Re: [dmarc-ietf] Charter improvements

[Dave Crocker <dcrocker@gmail.com>]

On 7/16/2013 8:39 AM, J. Trent Adams wrote:
> * Tone down the "marketing puffery".

While I think the existing text isn't all that puffed-up, something 
along the lines of what it says is still helpful to include.

The key point is that the existing specification has a sufficiently 
large installed base to warrant considerable care in making changes that 
would disrupt it.


> * Clarify how to address "backward compatibility" with the installed base.

Perhaps:

      In order to protect the installed base, any changes to operational 
practice or bits over the wire need to be incremental and optional. 
That is, they need to be added as extensions to existing practice, 
rather than make changes to it.  This permits unmodified software and 
operations to continue to interoperate with those that are upgraded.

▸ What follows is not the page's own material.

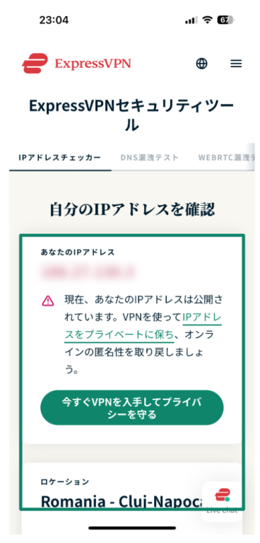 iPhoneのパブリックIPアドレスを調べるには、Safariなどブラウザを開いてExpressVPNのIPチェッカーなどのIPアドレス確認サイトにアクセスしましょう。すぐにパブリックIPアドレスと位置情報が表示されますので、Webサイト側にどのような情報が公開されるか分かります。
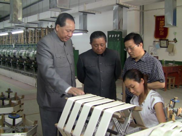 此次開盤盛典“主席”與“小平”親臨現(xiàn)場(chǎng),為“華詩(shī)雅地” 華美亮相錦上添花!爸飨 與“小平” 在李開典總經(jīng)理等領(lǐng)導(dǎo)的熱情陪同下不辭辛勞來(lái)到生產(chǎn)現(xiàn)場(chǎng),仔細(xì)察看了整個(gè)生產(chǎn)與工藝流程,對(duì)絲綢工藝與品牌華詩(shī)雅蒂表示了極高的興致,并不時(shí)表示贊賞。

> * a mechanism for determining the organizational domain name based on an
> arbitrary fully-qualified hostname
> -----
>
> If I'm not mistaken, the Apps Area WG has already expressed an interest
> in this work. In that case, I believe that this WG would only need to
> track that effort and ensure that its work addresses the use cases
> required to support DMARC.
>
> QUESTION: Given that it's an important topic, and there's no guarantee
> that the other effort will result in an applicable solution, would it
> still be reasonable to include a mention of this as worth exploration?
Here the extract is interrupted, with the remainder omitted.